Single by Jackie Wilson and LaVern Baker
- B-side: "Please Don't Hurt Me (I've Never Been In Love Before)"
- Released: 1965
- Genre: Soul
- Length: 3:02
- Label: Brunswick Records
- Songwriter: Eddie Singleton
- Producers: Eddie Singleton, Nat Tarnopol

= Think Twice (Jackie Wilson song) =

1965 duet by Jackie Wilson and LaVern Baker

"Think Twice" is an R&B duet sung by Jackie Wilson and LaVern Baker. It was a minor hit on the Billboard pop chart (peaking at No. 93), but fared better on the R&B chart, reaching No. 37.

==Production==
"Think Twice" was the first time that good friends (and Brunswick Records label-mates) Wilson and Baker went into the studio together. Recorded in New York on September 2, 1965, the record featured an orchestra and chorus directed by Dale Warren; the song was written by Eddie Singleton and co-produced by Singleton and Nat Tarnopol. The B-side ("Please Don't Hurt Me (I've Never Been In Love Before)"), also by Wilson and Baker, managed to chart at #128.

==="Version X"===
The song was not a big hit upon its 1966 release, and may be better known today for an off-the-cuff X-rated rendition (which Wilson even introduces as "Version X"). Amid much laughter, the duo sing about their purported drug- and sex-crazed adventures ("I gave you all the reefer (and) all the cocaine," Baker says at one point, "and you still fucked up!").

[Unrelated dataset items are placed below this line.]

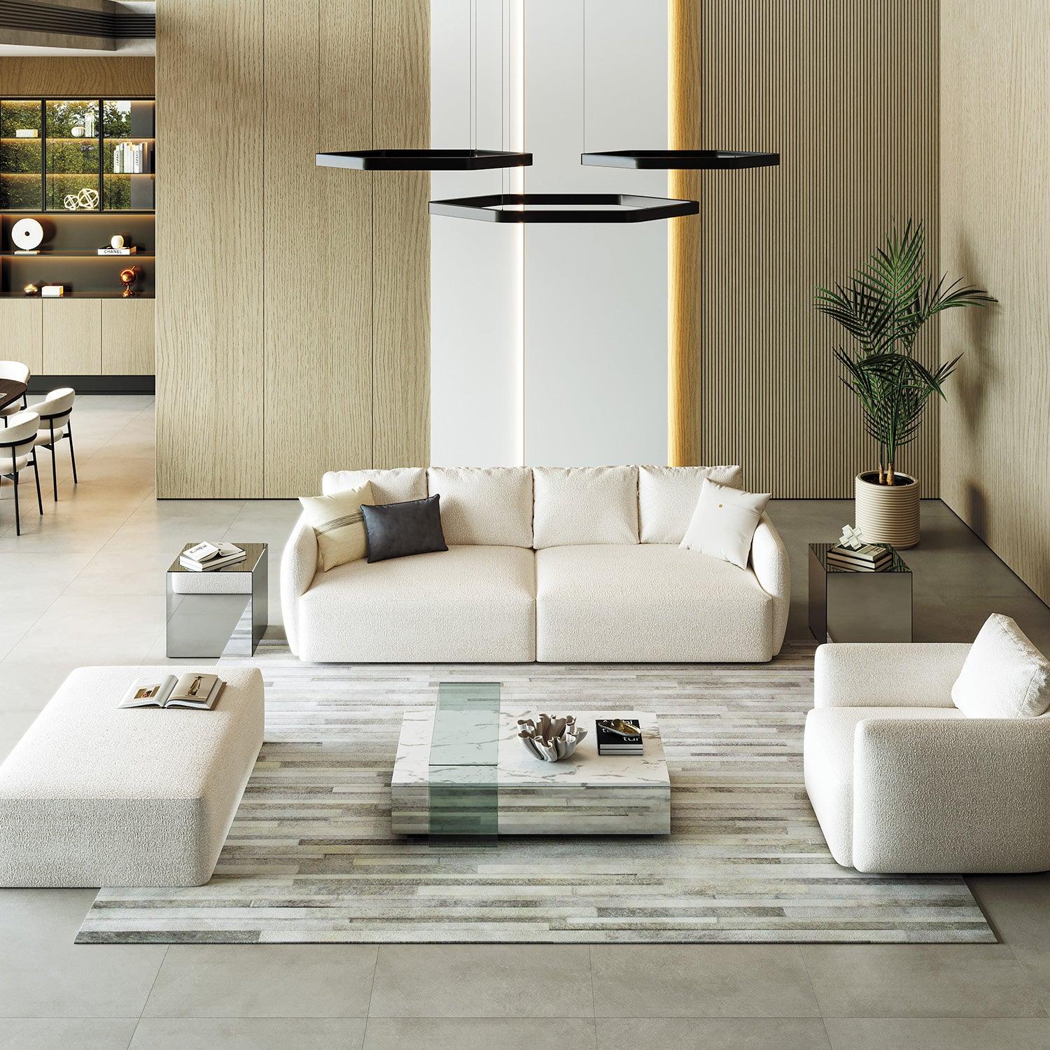 Introducing the exquisite Gabriele Ottoman in White Boucle, a perfect companion to the Gabriele Sofa, designed to elevate your living space with its unparalleled blend of comfort, elegance, and contemporary style. The Gabriele Ottoman boasts soft curves that seamlessly harmonize with the Gabriele Sofa's aesthetic, creating a cohesive and inviting ambiance in any room.
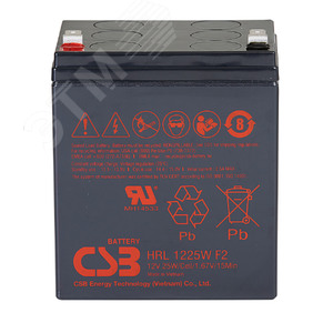 Аккумулятор CSB HRL 1225W емкостью 25 Ач и напряжением 12 В разработан специально для кратковременных разрядов высоким током. Главная особенность батареи — внушительный срок службы, при правильной эксплуатации он может достигать 10 лет. Герметичный корпус из ABS-пластика позволяет использовать CSB HRL 1225W в любом положении, за исключением положения «дном верх» для обеспечения работы предохранительного клапана. Аккумулятор подходит для работы в циклическом и в буферном режиме. Аккумуляторная батарея CSB HRL 1225W имеет усовершенствованную конструкцию легированных кальцием электродов из особо чистого свинца, что обеспечивает продолжительный срок службы и улучшенные разрядные характеристики. Аккумулятор отвечает всем современным требованиям к герметизированным батареям, имеет сертификат соответствия Госстандарта РФ (''Ростест''), заключение ВНИИПО МВД ''О пожаровзрывобезопасности''.
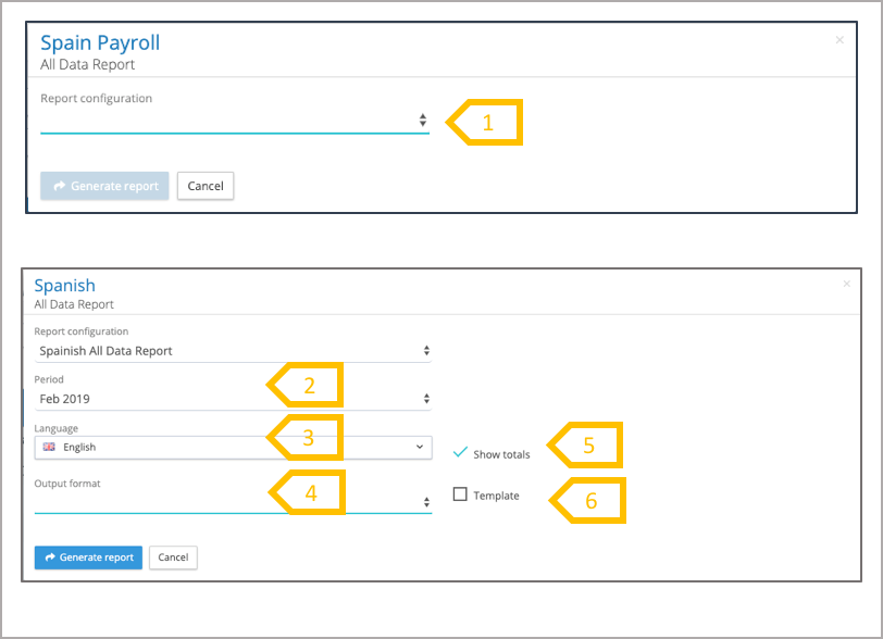 - Select the reporting language for the report headings (pay elements and employee details). If translations have not been added for the language chose, the headings will be in the default language.
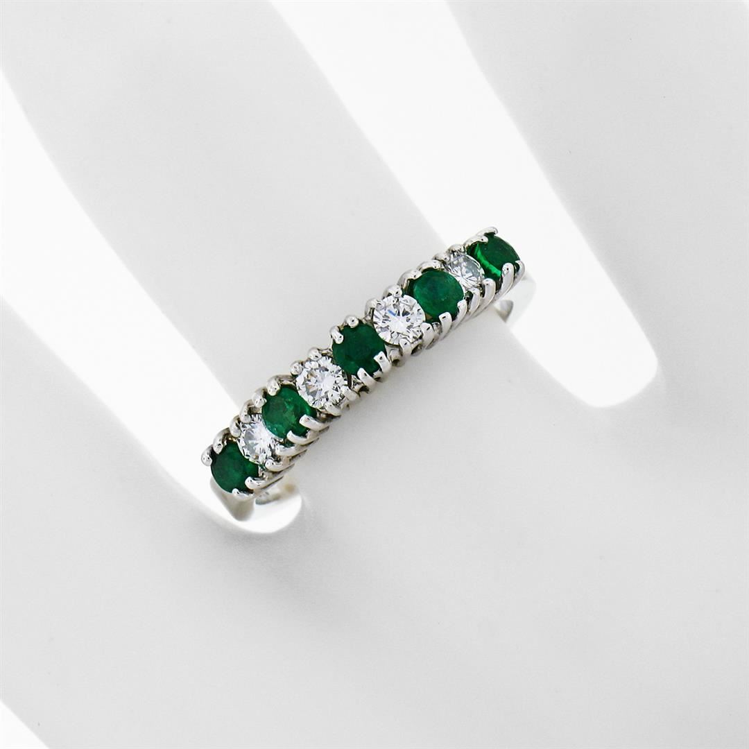 An 18k white gold band ring featuring 5 round brilliant emeralds (0.80ctw) and 4 round brilliant diamonds (F/G - VS1/VS2; 0.56ctw) set in an alternating pattern. The ring is size 6.5, weighs a total of 3.30 grams, and measures 3.75mm wide.
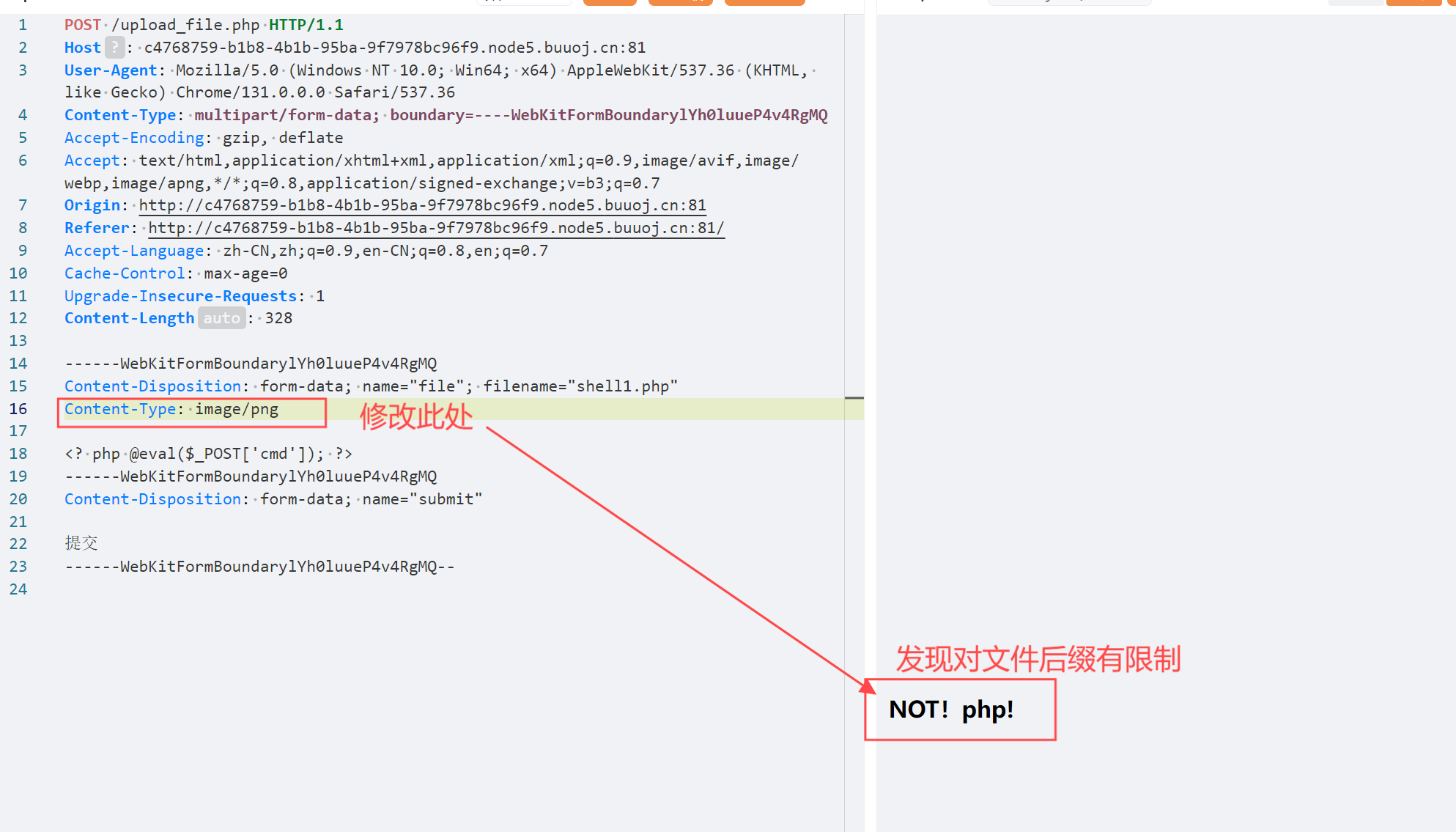 - 这里发现有对文件后缀经行检查,但是这只是服务器端前端的检查,我们抓包之后修改后缀即可,抓包之后修改的是后端的内容:
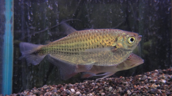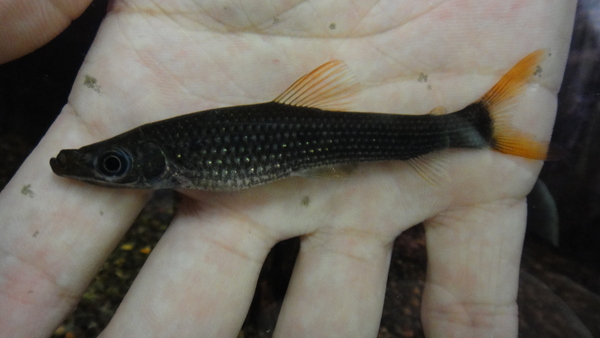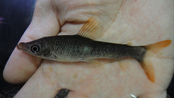 ネグロ産のスリースポットアノストムスです。アノストムス属の中でも本種を含む一部の種類をシューダノス属として分離して分類する場合がありますが、この魚の場合はアノストムスとすることの方が多いと思います。ネグロ産が入荷するのは珍しくあまり見かけない産地だと思います。飼い込むとと体高でてきて背中に入る細いバンド模様も鮮明になってきます!中型カラシンの混泳にいかがですか?中段左の画像です。
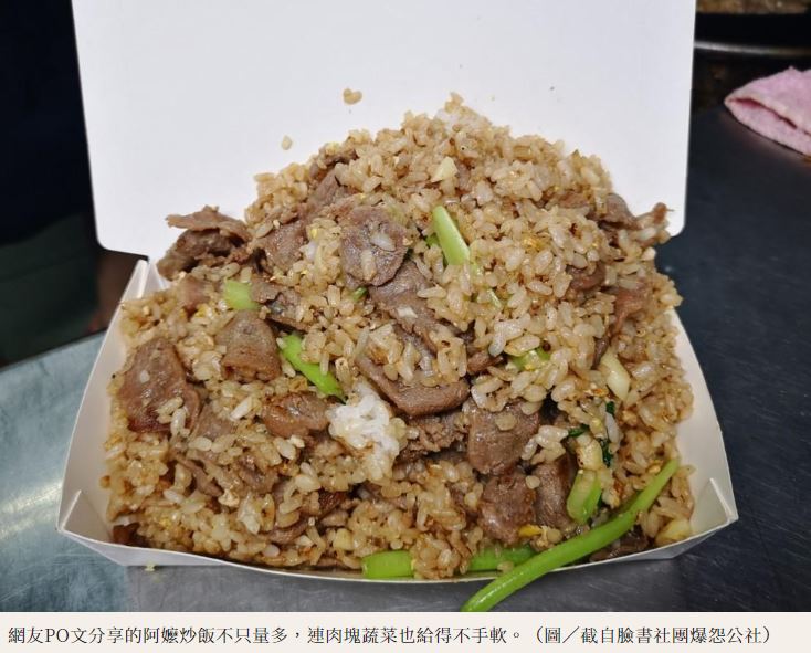 炒飯滿到便當盒裝不下,竟能分兩餐吃?近日有網友在臉書社團「爆怨公社」發文分享,她到楠梓區右昌一家小吃攤,買了50元肉絲炒飯、70元羊肉炒飯當消夜,沒想到身兼廚師的阿嬤瘋狂添飯、加肉,一邊說「給你兒子吃飽一點」,大爆滿份量堆成一座小山,連紙盒都蓋不起來,最後還用塑膠袋打包裝不下的份,讓原PO忍不住控訴「跟老公小孩3人一起吃2份炒飯,卻多到連隔天早餐也一併解決」,只好上網分享請大家不要放過這家阿嬤炒飯。
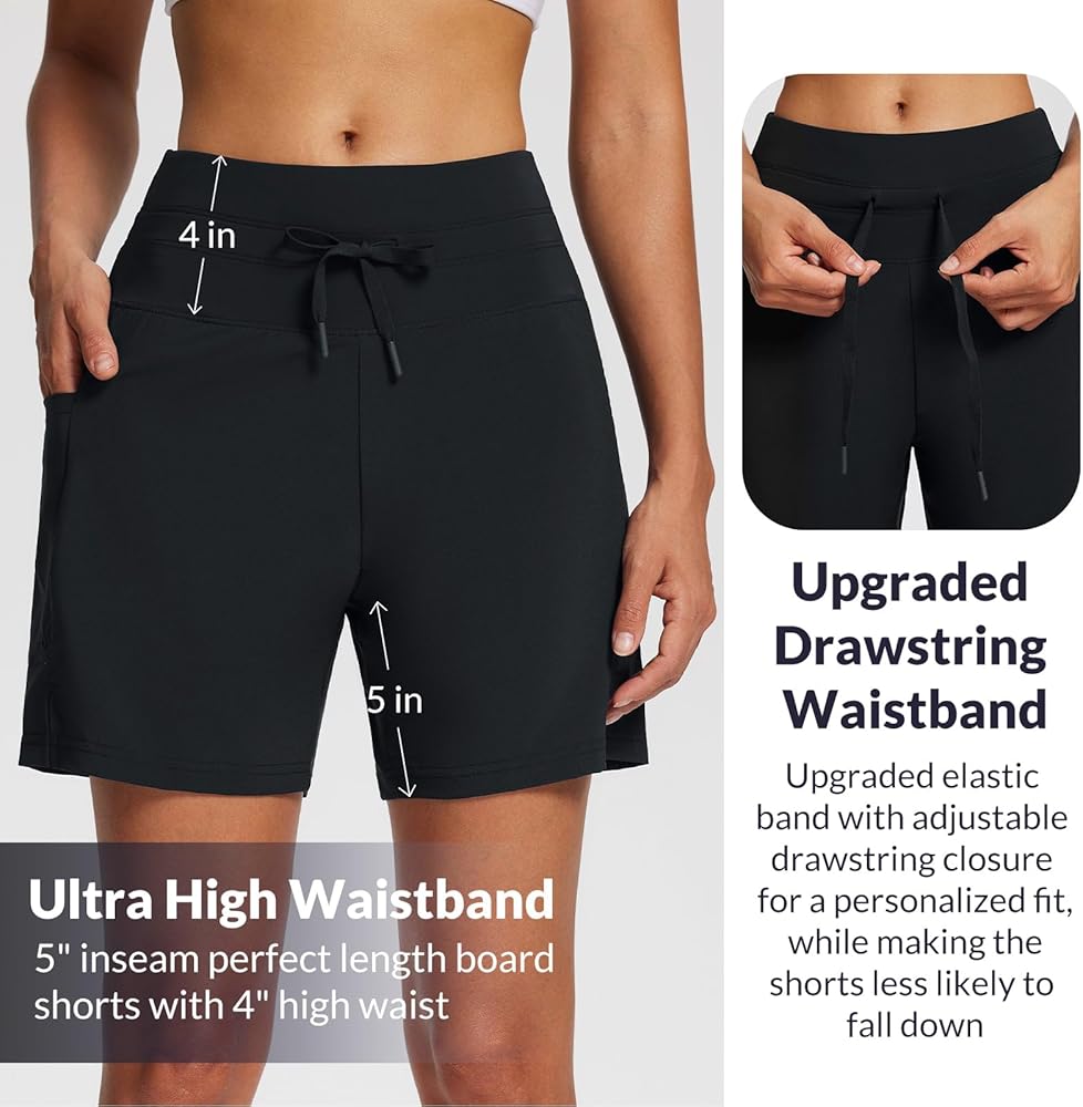 4 inch High Waist: Tummy control swim shorts with high elastic offer full coverage and cover extra belly fat, ideal for the modest swimmer
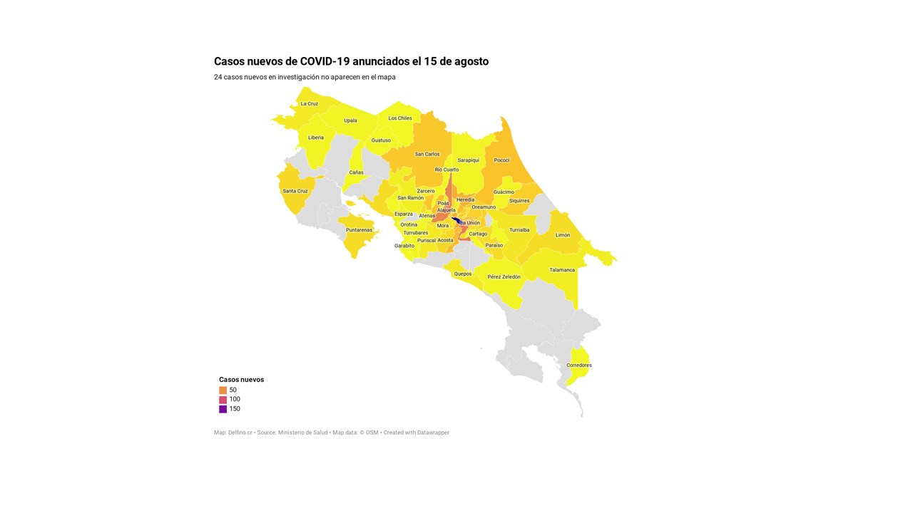 Otros 24 casos nuevos no fueron ubicados en ningún cantón pues siguen bajo investigación. El número de casos pendientes de domicilio cantonal asciende ya a 495, de los cuales 478 casos están activos.
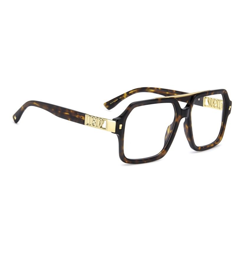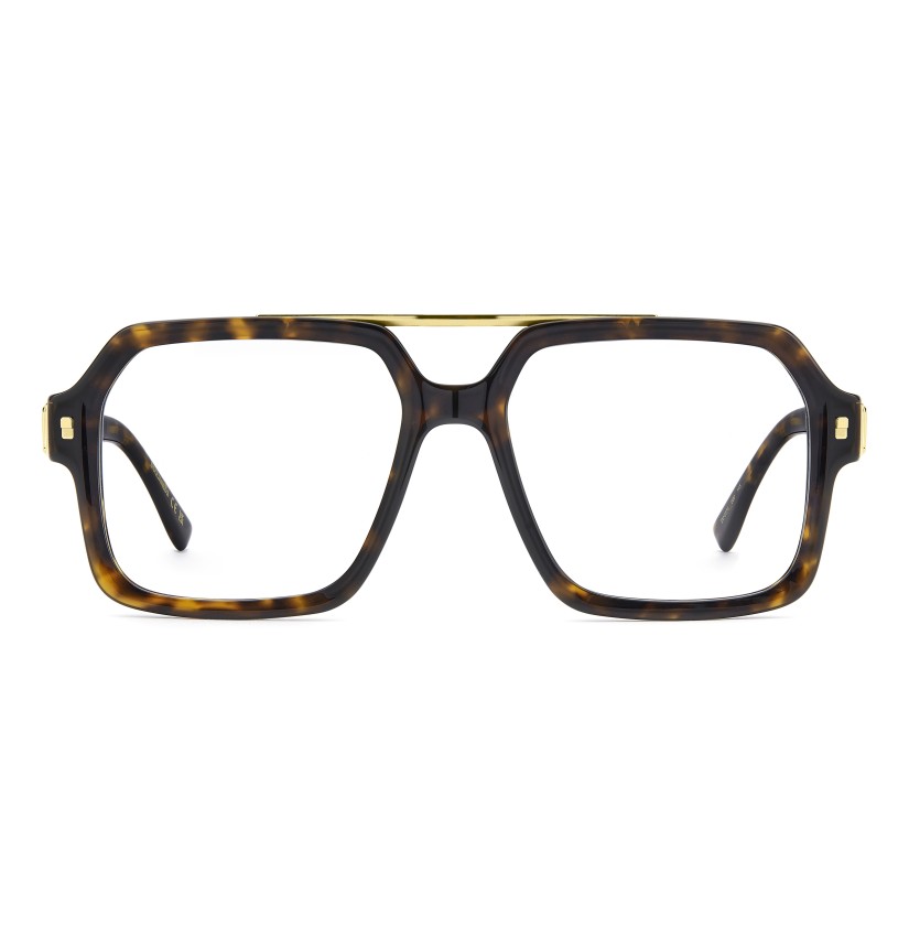 DSQUARED2 is known for its bold and recognisable eyewear. This pair of optical glasses is no exception, with an acetate structure trimmed by metal elements which give rise to a true fashion statement. They include a top bar connecting the square frames, the brand's signature double rivets, and the cut-out DSQ2 logo on the temples. Two colours are available: the black and palladium version is cool and unique, and sophistication is the watchword for the havana and gold option.
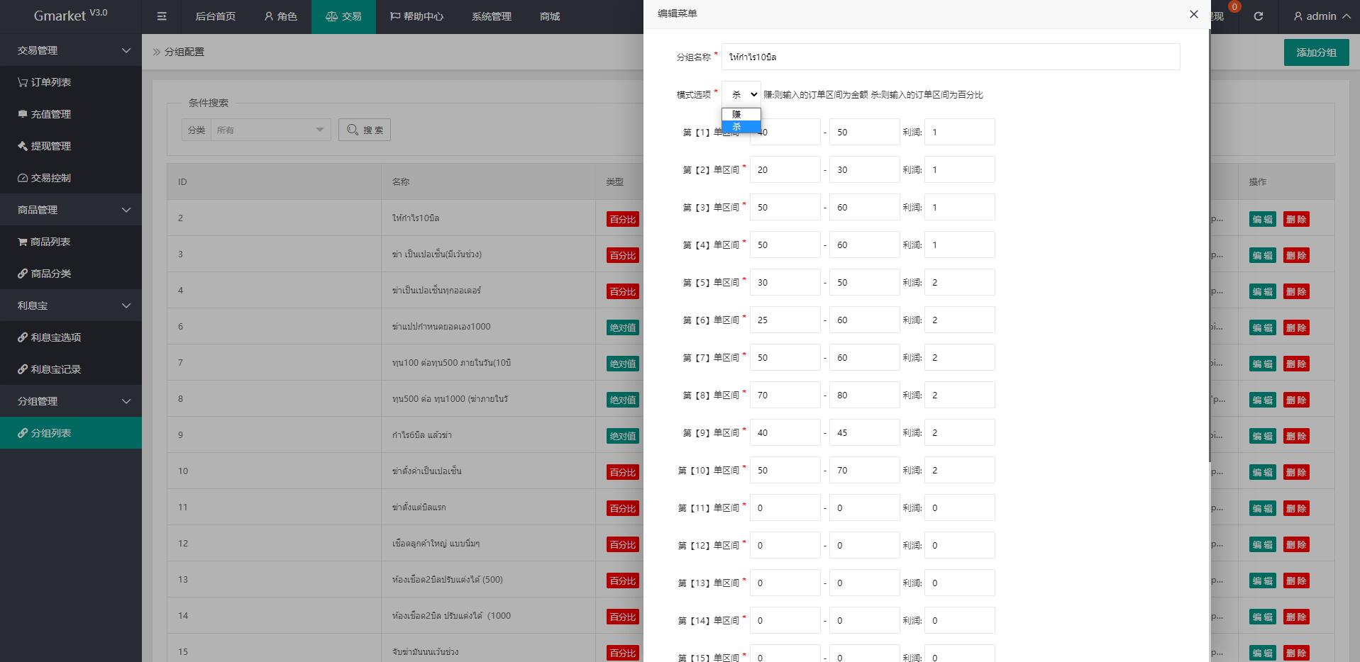 功能支持分组、百分比、固定值、连单设置、充值彩金等众多功能
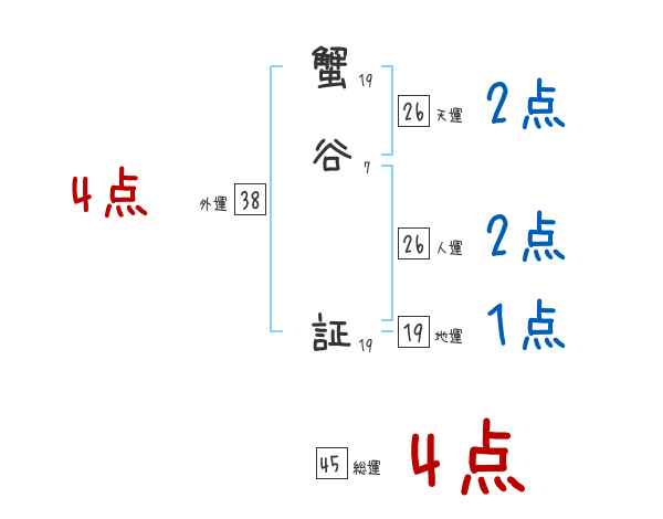 蟹谷証さんの画数の鑑定結果
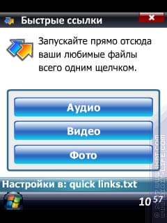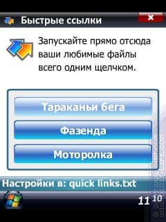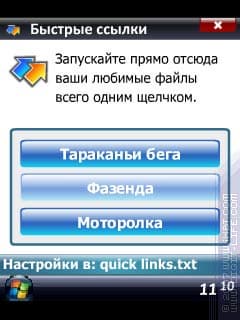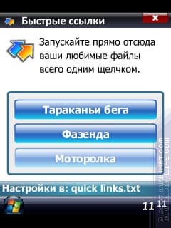 Присутствует возможность работы с тремя контактами и тремя ссылками. Для двух функций в меню программы имеются соответствующие пункты, которые так и названы: «Ссылки» и «Контакты». Первое — три ссылки на что угодно, прямые ссылки на файлы. В параметрах — путь к файлу и название для подписи на кнопке.

Unsuitable for radio airplay at the time (or even today), "Version X" would not see an official release until it appeared on the compilation If It Ain't A Hit, I'll Eat My...Baby – The Dirtiest Of Them Dirty Blues on the Canadian label Zu-Zazz in 1987. (It can also be found on Eat To The Beat – The Dirtiest Of Them Dirty Blues, released in 2006 on Bear Family Records.)

Wilson and Baker would record seven more duets from 1965 to 1969 (including a cover of Johnny Ace's "Pledging My Love"), but none was a hit.